EXERCISE:
Beginning with the line that contains "Der Sauger dehnt", restate each line below through the final one exactly, and exclude the pictures.

GIVEN INFORMATION:
┄┄┄┄┄┄┄┄┄┄
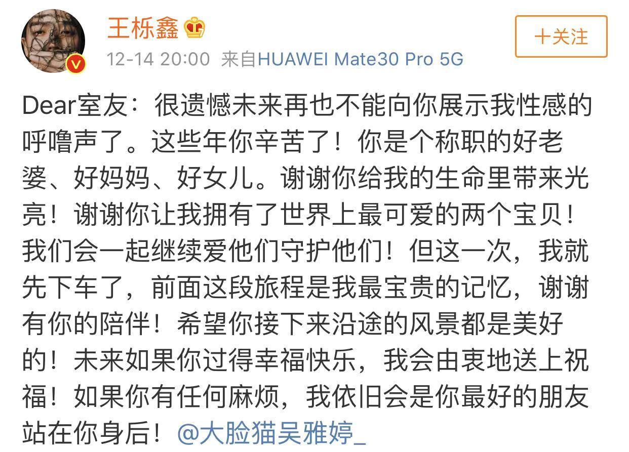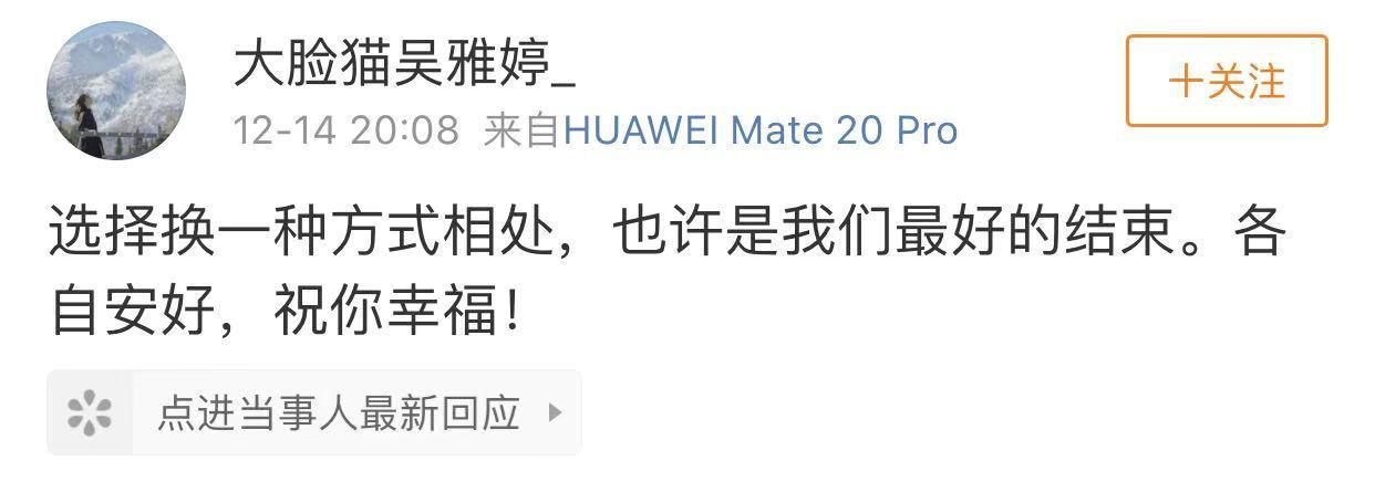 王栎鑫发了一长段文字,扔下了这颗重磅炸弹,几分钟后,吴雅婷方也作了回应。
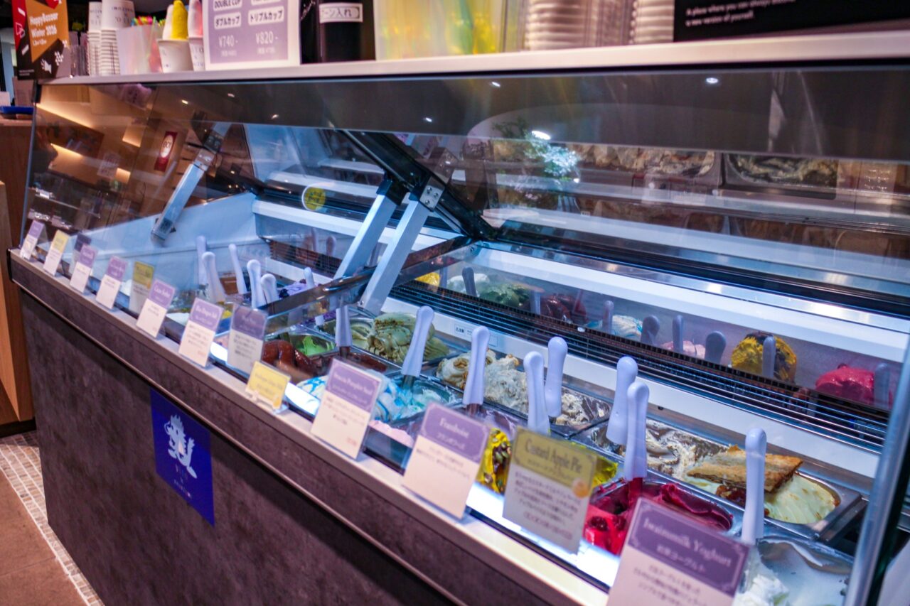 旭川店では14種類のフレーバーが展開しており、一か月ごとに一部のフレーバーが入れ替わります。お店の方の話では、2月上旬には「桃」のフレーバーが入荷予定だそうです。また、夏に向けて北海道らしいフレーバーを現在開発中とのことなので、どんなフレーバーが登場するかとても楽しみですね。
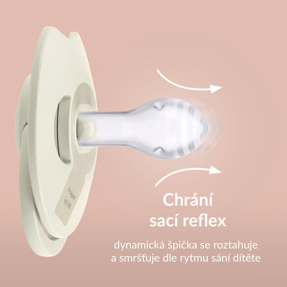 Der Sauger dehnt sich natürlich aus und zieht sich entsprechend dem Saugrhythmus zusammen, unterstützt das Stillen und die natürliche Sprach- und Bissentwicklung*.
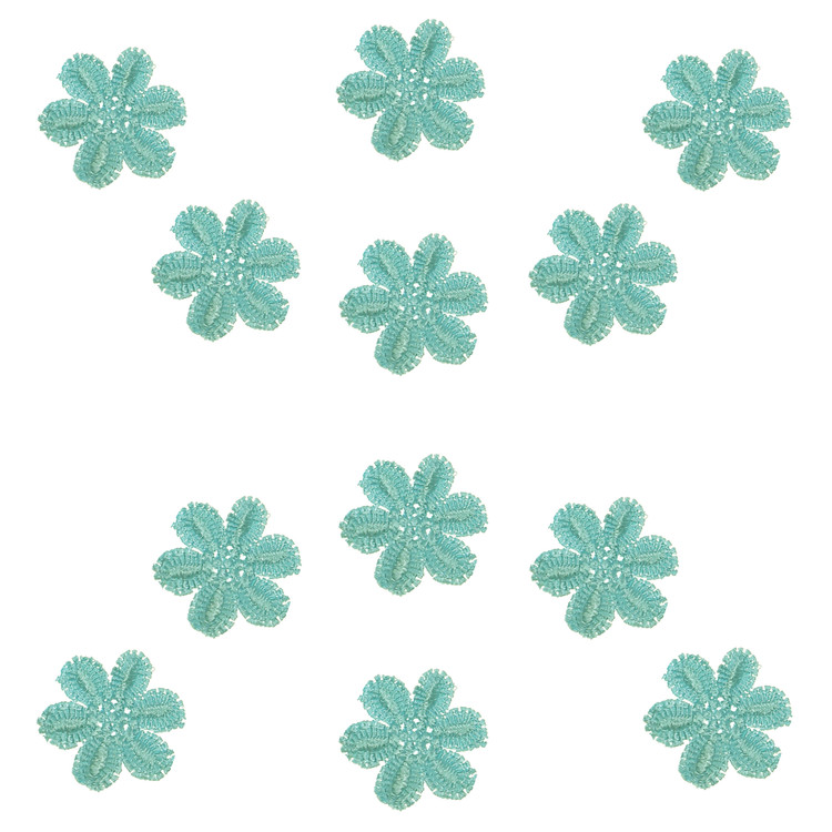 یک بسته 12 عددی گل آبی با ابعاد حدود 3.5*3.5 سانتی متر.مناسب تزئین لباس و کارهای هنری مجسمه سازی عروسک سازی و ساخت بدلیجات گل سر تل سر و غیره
┄┄┄┄┄┄┄┄┄┄
EXERCISE RESULT:
 Der Sauger dehnt sich natürlich aus und zieht sich entsprechend dem Saugrhythmus zusammen, unterstützt das Stillen und die natürliche Sprach- und Bissentwicklung*.
 یک بسته 12 عددی گل آبی با ابعاد حدود 3.5*3.5 سانتی متر.مناسب تزئین لباس و کارهای هنری مجسمه سازی عروسک سازی و ساخت بدلیجات گل سر تل سر و غیره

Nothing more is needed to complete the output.